Considering recent revisions to applicable regulations, broader coverage, and an aging workforce, leave issues will continue to arise more often. Ensure that supervisors avoid making promises they cannot keep and that they involve trained HR representatives early in the process. This will help manage expectations, ensure compliance, maintain medical privacy and protect the rights of everyone involved.

Unique Challenges Of Whistleblower Claims

On top of laws that were already in place, healthcare reform has added new whistleblower protections for employees. Most states also have their own whistleblower laws, some unique to healthcare workers. The federal False Claims Act (FCA) often crops up in healthcare settings, too. State laws such as Nurse Practice Acts include similar protections, such as no-retaliation provisions. Finally, retaliation allegations continue to appear on EEOC charges more often than any other category. In short, this broad category of claims continues to create headaches for employers and the trend shows no signs of changing.

Such claims are especially challenging for hospitals and other healthcare providers because they can be easy to overlook in a fast-paced environment and the variety of statutes creates a large pool of potential plaintiffs. To reduce risk, it is especially important for employers to publicize effectively all the ways employees can ask questions or lodge internal complaints. It's also critically important for hospitals to conduct (and document) thorough investigations of complaints. Anyone who reports a concern or provides information related to an investigation should be reminded of your no-retaliation policies.

Before taking an adverse action against an employee, you must conduct an objective review of the facts, including whether the employee has recently engaged in any protected activity. Such reviews may not change the final decision, but they can ensure the accuracy and integrity of the process and protect against whistleblower claims.

An Activist NLRB

Besides its edict requiring most employers post an 11" x 17" notice of employee rights under the National Labor Relations Act, the Board continues to take other actions that should be watched closely. Its challenges to policies regarding employee use of social media sites (such as Facebook) have drawn considerable attention. The Board remains poised to question any policy that it believes intrudes upon employees' rights to communicate about workplace issues, whether or not those communications impugn their employer and are posted publicly.

Also, as we reported in a September Labor Alert, the Board recently issued another string of decisions making it easier for unions to organize or remain in place. With unions desperate to attract new members, and healthcare representing such a significant and inviting segment of the economy, expect to see more organizing activity, through traditional and especially corporate campaigns.

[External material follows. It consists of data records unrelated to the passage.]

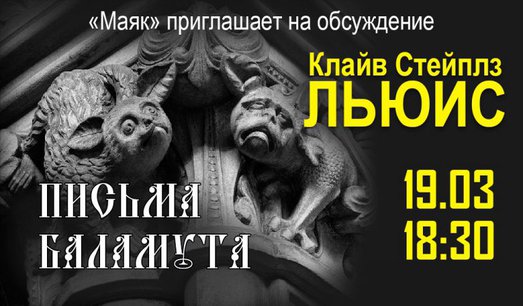 Православный культурно-просветительский клуб "Маяк" приглашает на обсуждение "Писем Баламута" К.С. Льюиса 19 марта в 18:30 в аудитории воскресной школы храма Сергия Радонежского в Таганроге.
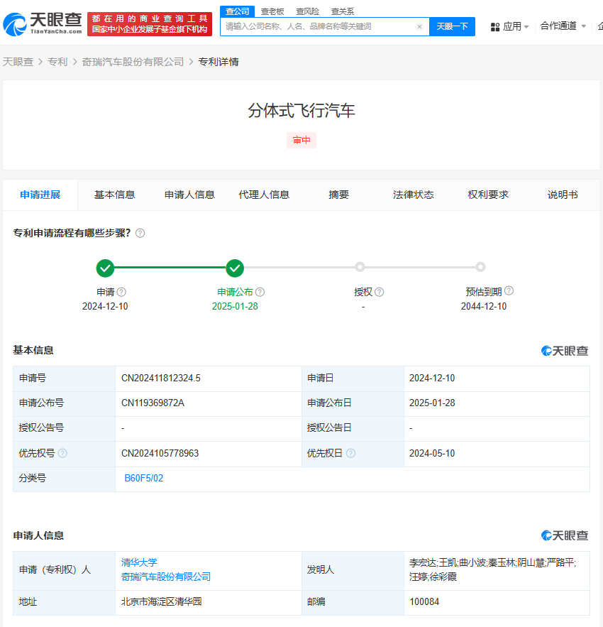 天眼查App显示,近日,清华大学、奇瑞汽车股份有限公司申请的“分体式飞行汽车”专利公布。
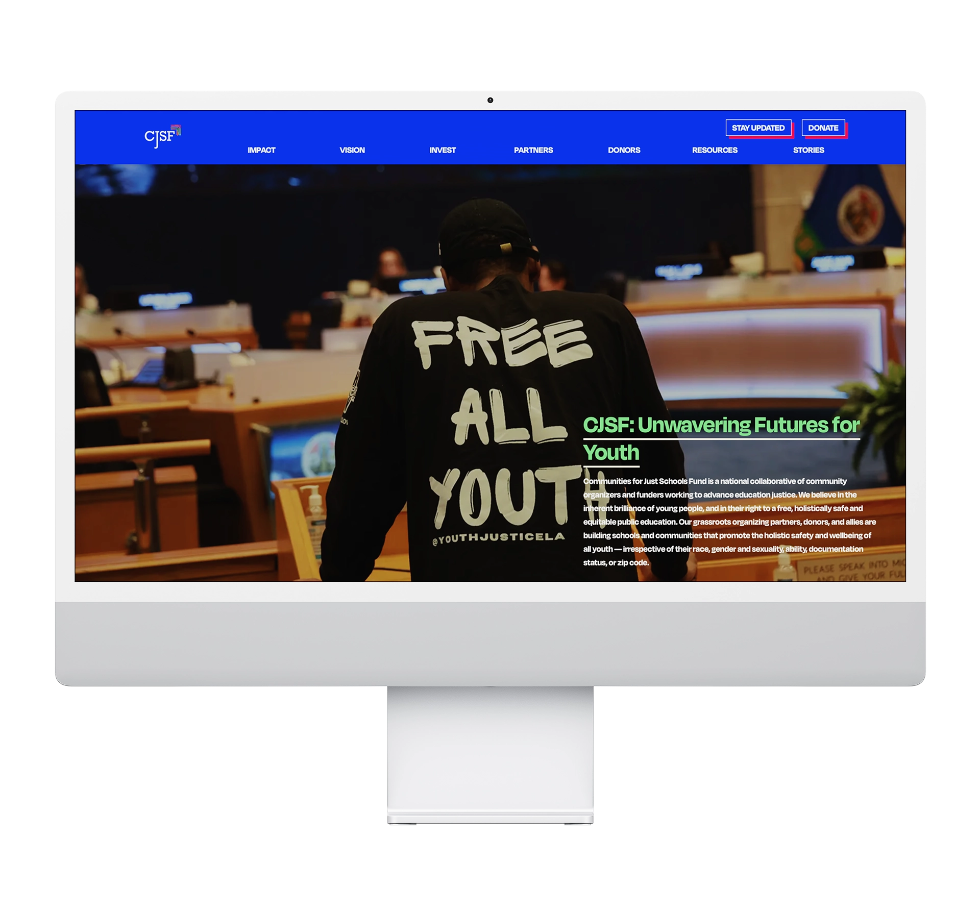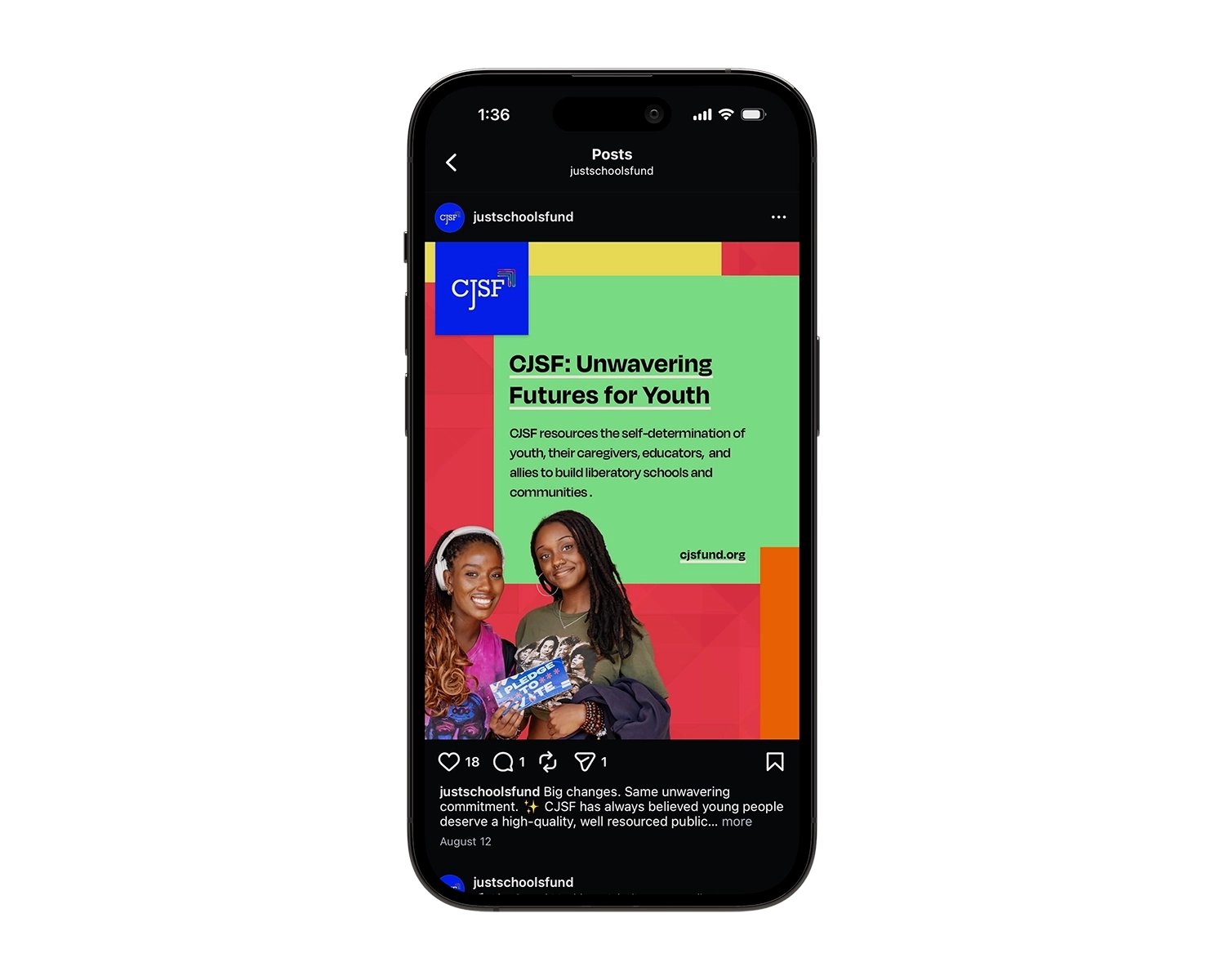 x∧Sol partnered with Communities for Just Schools Fund (CJSF) to launch a comprehensive brand refresh that positions them as a leading force in the education justice movement. Their new mark expanded into a complete design system that reflects the joy and brilliance of the communities they serve and CJSF’s commitment to the young people leading the way. Armed with a bold, user-friendly website that simplifies their message and amplifies resources, CJSF is able to translate their impact into shareable stories. Most recently, they launched a new podcast — which we branded — continuing our communications partnership with exciting new initiatives.Explore their new site, fresh brand and powerful stories.Website Design & Development
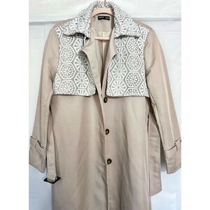 Beautiful cream and white trench coat || buckle tie at waist || size small || never worn || perfect condition ||

It's important for supervisors and employees to know the hospital's position regarding unionization. Supervisors must also understand their responsibility for maintaining an environment where employee concerns are addressed in a fair and timely manner. Employees need to understand the importance of protecting their signatures, because card signing is such a critical part of the organizing process and organizers' tactics are often less than above-board. In an environment where unions are desperately seeking more members and the Board is decidedly pro-labor, healthcare organizations must remain prepared for organizing attempts and carefully follow new developments.

Conclusion

Facing more cost-containment efforts, shrinking reimbursement and ever-increasing regulation, healthcare employers may find it difficult to also manage risks associated with employment litigation. Though these risks are substantial, they are also manageable, especially if you are prepared to deal with significant trends such as those discussed above.